Feel free to join in a mix it up. But keep it clean and don't be stupid
The thread weaves its way through some interesting topics such as secret handshakes, spiteful bumper stickers, Social Security reform, and the nature of President Bush’s mandate.
My position is that winning a majority of the 120 million votes cast by a margin of 3.5 million constitutes a powerful mandate to realize the vision that Bush articulated during the campaign.
Mark’s position – and I’m taking a chance here by defining it for him – is that Bush articulated no vision whatsoever unless you count a series of vicious attacks on John Kerry as a vision.
In a narrow sense, yes, many voters made their decision based on superficial personal characteristics of the candidates themselves. But most of the electorate had made up their minds months and weeks before November. That makes me think that individual policy positions played less of a role in this election than did gut feelings about large issues such as war and peace, the role of government, the trajectory of our culture.
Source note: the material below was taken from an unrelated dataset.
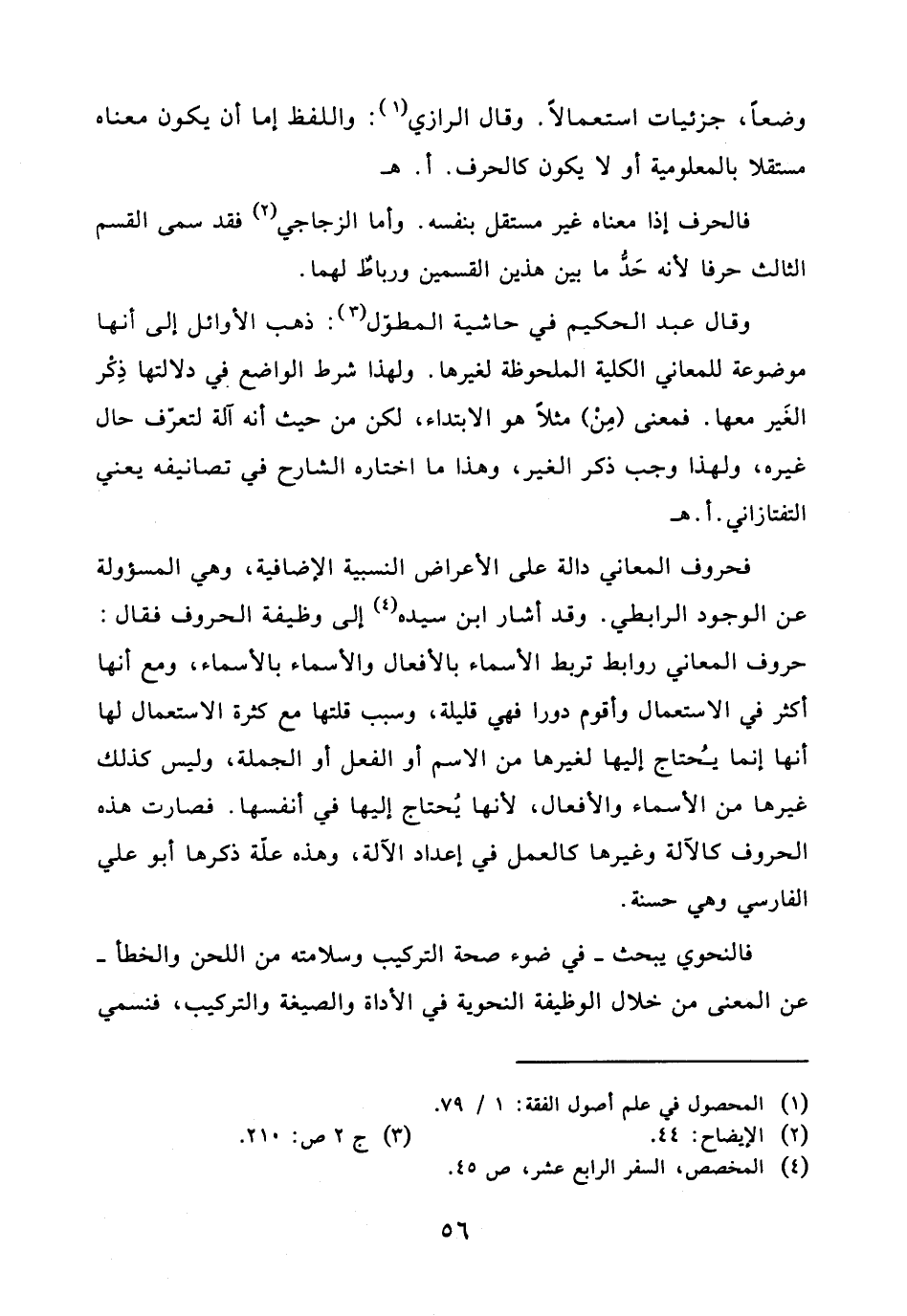 وقال عبد الحكيم في حاشية المطول: ذهب الأوائل إلى أنها موضوعة للمعاني الكلية الملحوظة لغيرها. ولهذا شرط الواضع في دلالتها ذِكْر الغَير معها. فمعنى (مِنْ) مثلاً هو الابتداء، لكن من حيث أنه آلة لتعرف حال غيره، ولهذا وجب ذكر الغير، وهذا ما اختاره الشارح في تصانيفه يعني التفتازاني. أ. هـ فحروف المعاني دالة على الأعراض النسبية الإضافية، وهي المسؤولة عن الوجود الرابطي. وقد أشار ابن سيده إلى وظيفة الحروف فقال: حروف المعاني روابط تربط الأسماء بالأفعال والأسماء بالأسماء، ومع أنها أكثر في الاستعمال وأقوم دورا فهي قليلة، وسبب قلتها مع كثرة الاستعمال لها أنها إنما يُحتاج إليها لغيرها من الاسم أو الفعل أو الجملة، وليس كذلك غيرها من الأسماء والأفعال، لأنها يُحتاج إليها في أنفسهاء فصارت هذه الحروف كالآلة وغيرها كالعمل في إعداد الآلة، وهذه علة ذكرها أبو علي الفارسي وهي حسنة.

If that’s the case then Americans by a convincing majority ratified George Bush’s approach to the war on Islamofascism and rejected the approach that would have us treat Islamist terrorism as a criminal matter rather than an existential threat. Voters gave permission to the federal government to aggressively intervene in the private sphere to forestall another 9/11-magnitude attack and rejected the arguments of those who oppose the Patriot Act and a unilateral surrender of civil liberties. And, if exit polls are to be believed, voters are uncomfortable about treating homosexuality as an entirely ordinary rather than vaguely dysfunctional reproductive strategy.
This doesn’t mean the conclusions of the electorate on these issues are unassailably correct. It means that the political dialogue has moved in some distinct directions.
It means the Deaniacs carrying Bush=Hitler signs and shouting “No Blood for Oil” are wasting their breathe. It means Michael Moore claiming that the Patriot Act is merely the tip of the great fascist iceberg lurking in the path of the ship of state is talking to an empty auditorium. It means gay rights advocates are going to have to make their case in ways that are less polarizing, less threatening, and less condescending to people of good will who have valid philosophical reservations.
Ultimately, the election is not about individual policy decisions. It’s about granting one candidate or the other a certain amount of political capital. The voters gave George Bush a flush bank account on November 2 and he now has the prerogative to spend his political capital any way he chooses.
My hope is that he spends it boldly and wisely.